== Segment start ==

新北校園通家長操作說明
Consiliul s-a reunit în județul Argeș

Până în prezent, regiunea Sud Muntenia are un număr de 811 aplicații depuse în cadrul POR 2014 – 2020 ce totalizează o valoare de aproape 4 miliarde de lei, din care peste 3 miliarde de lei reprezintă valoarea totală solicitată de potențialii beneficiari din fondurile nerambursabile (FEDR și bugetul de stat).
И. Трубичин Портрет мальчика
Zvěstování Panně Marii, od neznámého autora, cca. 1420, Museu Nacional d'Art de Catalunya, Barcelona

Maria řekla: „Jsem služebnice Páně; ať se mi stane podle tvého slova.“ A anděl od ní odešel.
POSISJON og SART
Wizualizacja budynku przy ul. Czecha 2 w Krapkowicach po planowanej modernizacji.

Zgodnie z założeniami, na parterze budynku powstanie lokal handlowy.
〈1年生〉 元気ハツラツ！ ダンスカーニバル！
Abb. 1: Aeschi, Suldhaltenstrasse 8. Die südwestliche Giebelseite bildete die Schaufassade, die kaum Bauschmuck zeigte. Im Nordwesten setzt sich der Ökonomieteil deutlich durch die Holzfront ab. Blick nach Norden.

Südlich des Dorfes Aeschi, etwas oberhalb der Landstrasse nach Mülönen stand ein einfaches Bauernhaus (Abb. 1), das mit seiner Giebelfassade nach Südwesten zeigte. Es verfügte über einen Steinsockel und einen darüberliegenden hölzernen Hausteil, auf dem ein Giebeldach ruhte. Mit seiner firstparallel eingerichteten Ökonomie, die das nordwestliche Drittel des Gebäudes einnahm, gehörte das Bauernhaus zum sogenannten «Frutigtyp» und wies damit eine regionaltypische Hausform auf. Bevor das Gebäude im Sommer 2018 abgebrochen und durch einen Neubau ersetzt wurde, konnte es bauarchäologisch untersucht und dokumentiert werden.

== Segment end ==
== Segment start ==

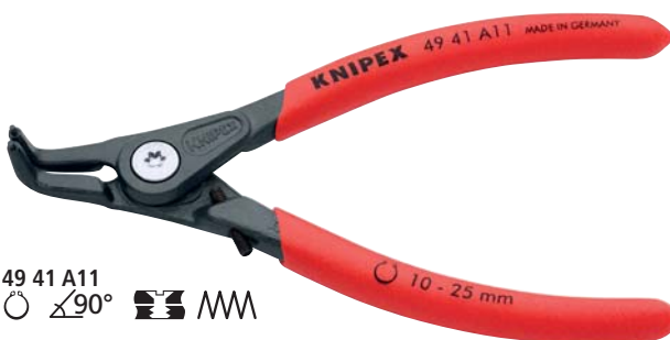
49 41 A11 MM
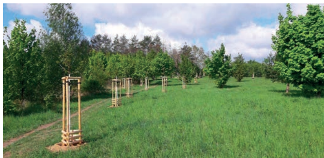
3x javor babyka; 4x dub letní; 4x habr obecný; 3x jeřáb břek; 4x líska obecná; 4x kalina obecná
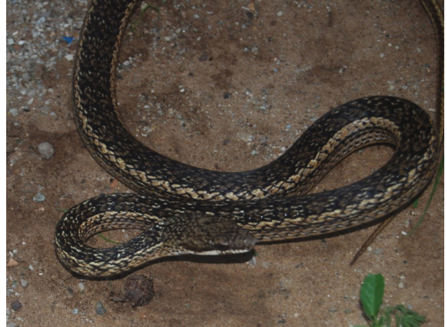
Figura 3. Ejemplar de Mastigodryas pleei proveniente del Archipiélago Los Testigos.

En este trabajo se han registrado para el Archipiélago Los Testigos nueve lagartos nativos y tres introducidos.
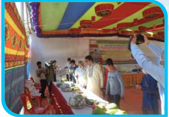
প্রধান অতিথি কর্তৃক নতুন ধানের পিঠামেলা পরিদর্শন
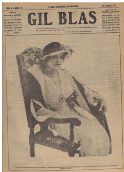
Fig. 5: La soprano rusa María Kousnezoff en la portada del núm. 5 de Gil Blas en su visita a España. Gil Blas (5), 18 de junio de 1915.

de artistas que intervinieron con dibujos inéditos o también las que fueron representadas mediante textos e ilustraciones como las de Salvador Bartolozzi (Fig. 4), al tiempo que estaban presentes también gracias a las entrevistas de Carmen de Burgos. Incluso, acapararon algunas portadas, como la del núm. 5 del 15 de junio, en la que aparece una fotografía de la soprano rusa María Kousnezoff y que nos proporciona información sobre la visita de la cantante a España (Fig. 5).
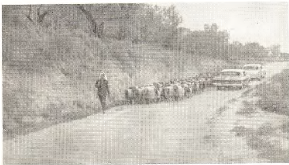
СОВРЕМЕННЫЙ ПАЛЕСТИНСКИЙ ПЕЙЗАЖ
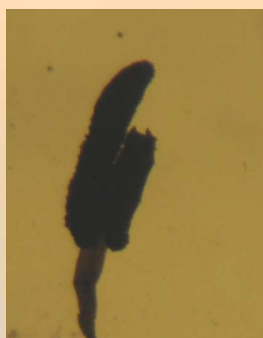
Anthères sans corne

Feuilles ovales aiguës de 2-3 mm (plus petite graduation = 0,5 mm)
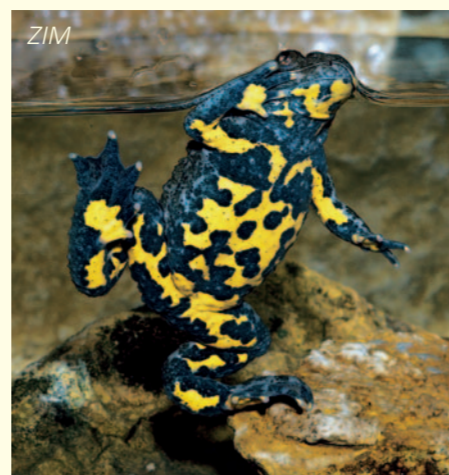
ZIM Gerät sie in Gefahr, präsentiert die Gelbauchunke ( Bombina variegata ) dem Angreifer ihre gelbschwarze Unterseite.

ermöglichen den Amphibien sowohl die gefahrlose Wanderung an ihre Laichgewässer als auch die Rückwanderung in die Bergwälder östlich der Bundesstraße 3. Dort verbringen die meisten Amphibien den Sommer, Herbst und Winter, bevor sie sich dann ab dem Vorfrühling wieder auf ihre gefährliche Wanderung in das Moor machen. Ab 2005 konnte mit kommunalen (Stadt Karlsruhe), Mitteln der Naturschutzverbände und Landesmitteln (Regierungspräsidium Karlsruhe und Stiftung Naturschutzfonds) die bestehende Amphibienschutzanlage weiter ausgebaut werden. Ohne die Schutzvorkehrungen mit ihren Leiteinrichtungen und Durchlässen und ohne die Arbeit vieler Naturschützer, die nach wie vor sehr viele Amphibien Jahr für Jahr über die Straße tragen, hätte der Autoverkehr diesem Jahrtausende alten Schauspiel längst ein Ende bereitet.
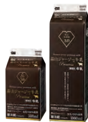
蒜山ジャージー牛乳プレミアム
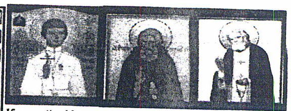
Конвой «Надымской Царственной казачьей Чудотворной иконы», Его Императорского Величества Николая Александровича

== Segment end ==
== Segment start ==

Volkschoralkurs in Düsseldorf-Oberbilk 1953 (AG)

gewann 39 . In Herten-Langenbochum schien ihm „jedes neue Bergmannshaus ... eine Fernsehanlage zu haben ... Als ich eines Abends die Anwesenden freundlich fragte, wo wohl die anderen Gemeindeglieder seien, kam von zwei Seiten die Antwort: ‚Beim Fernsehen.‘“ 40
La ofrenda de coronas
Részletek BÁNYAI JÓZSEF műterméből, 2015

== Segment end ==

WHAT TO DO: Only the lines above from the one with "新北校園通家長操作說明" up to and including the one with "Zvěstování Panně Marii, od" should be repeated, exactly as written.

RESPONSE BELOW:
新北校園通家長操作說明
Consiliul s-a reunit în județul Argeș

Până în prezent, regiunea Sud Muntenia are un număr de 811 aplicații depuse în cadrul POR 2014 – 2020 ce totalizează o valoare de aproape 4 miliarde de lei, din care peste 3 miliarde de lei reprezintă valoarea totală solicitată de potențialii beneficiari din fondurile nerambursabile (FEDR și bugetul de stat).
И. Трубичин Портрет мальчика
Zvěstování Panně Marii, od neznámého autora, cca. 1420, Museu Nacional d'Art de Catalunya, Barcelona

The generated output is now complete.